I ended up putting together 71 variation ideas as above, over the course of five days. A bunch of them are quite fine and I find myself hoping to put together 50 of them to actually make and release. This is all intimately connected with the fact I’m trying to write a book about variation games, so I want to be making one at the same time, and here we are.

I did go looking for an Ur-example of this kind of game and promptly couldn’t find one. Strangely this Mattel racing handheld is the closest to what I sort of imagined functionally if not visually:

I also looked at some Atari games, of which Grand Prix and Street Racer had some of what I was looking for.

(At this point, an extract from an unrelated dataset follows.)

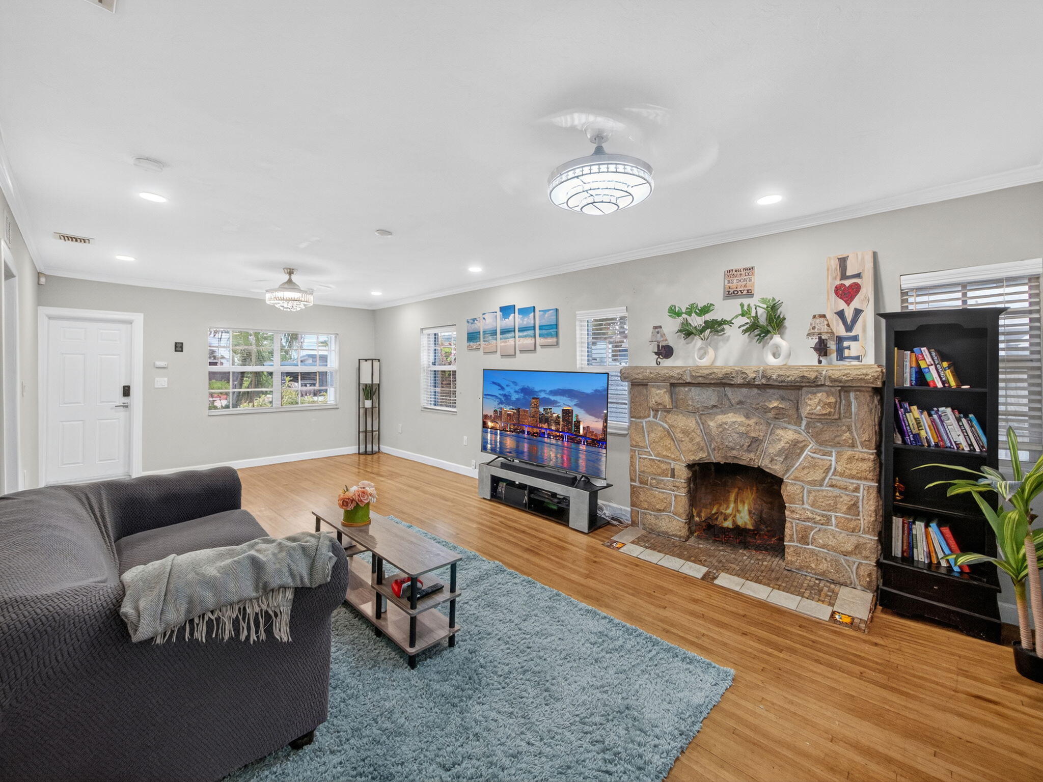 Two Homes for the Price of One, Live Smart with Built-In Income, Live in one, rent the other, let your tenant, family/in-law help pay the mortgage. or occupy the back unit. Just 2 miles to the beach and 1 mile to Publix, this Ocean-Blue, hacienda-style property delivers the rare combo of charm, location, and cash flow. The beautifully updated 2BR/1BA main home blends character and convenience--wood floors, crown molding, cedar ceilings, and accordion shutters--centered by a renovated kitchen with quartz counters, backsplash, and stainless appliances. Slide out to the spacious covered/screened lanai for morning coffee, surrounded by avocado and mango trees, then rinse off in the outdoor shower after a beach day.A private 1BR/1BA side apartment with its own entrance adds seriousversatility proven Airbnb history averaging $3300/month for the front unit, or a steady a steady long-term lease of $1,600/month for the back unit. Big-ticket items give peace of mind: 2018 roof, updated drainage/gutters, newer A/C motor, and full hurricane shutters that may help with insurance. Minutes to Lake Ave., Dixie Hwy dining, boutiques, Lake Worth Casino and the sand! This is the coastal life with a financial upside.

It remains a teeny bit unclear how I want to implement the underlying game, but I don’t think any/many of the games totally rely on my knowing that ahead of time - and if anything the specifics of the implementation may well help in generating other ideas/niceties within the current ideas. The fact Street Racer has continuous movement is interesting/surprising to me as I imagined these games involving teleporting between lanes… and maybe I’ll keep that in my one, I don’t know. I don’t think it’s that important to have a really strong historical referent anyway.

Next tasks would be:

2025-08-26

And now, more (2025-09-08)

Time has passed, but a while ago (26th of August) I went to Noble to come up with more variations to get me to 100 and I succeeded. Only just getting these into the system now because that’s the way things go sometimes bud. I fake-put them into a heading above that matches their location in time rather than when I’m adding them to the repo. Probably that makes sense.

Anyway with 100 ideas in my pocket it’s definitely time to create a mega-list and start editing that down toward what I’m actually going to build. Plus the base case, yes the base case, that will decide how a lot of those ideas interact with an actual material reality of code and base-level design decisions.

Shall we begin? (2025-10-16)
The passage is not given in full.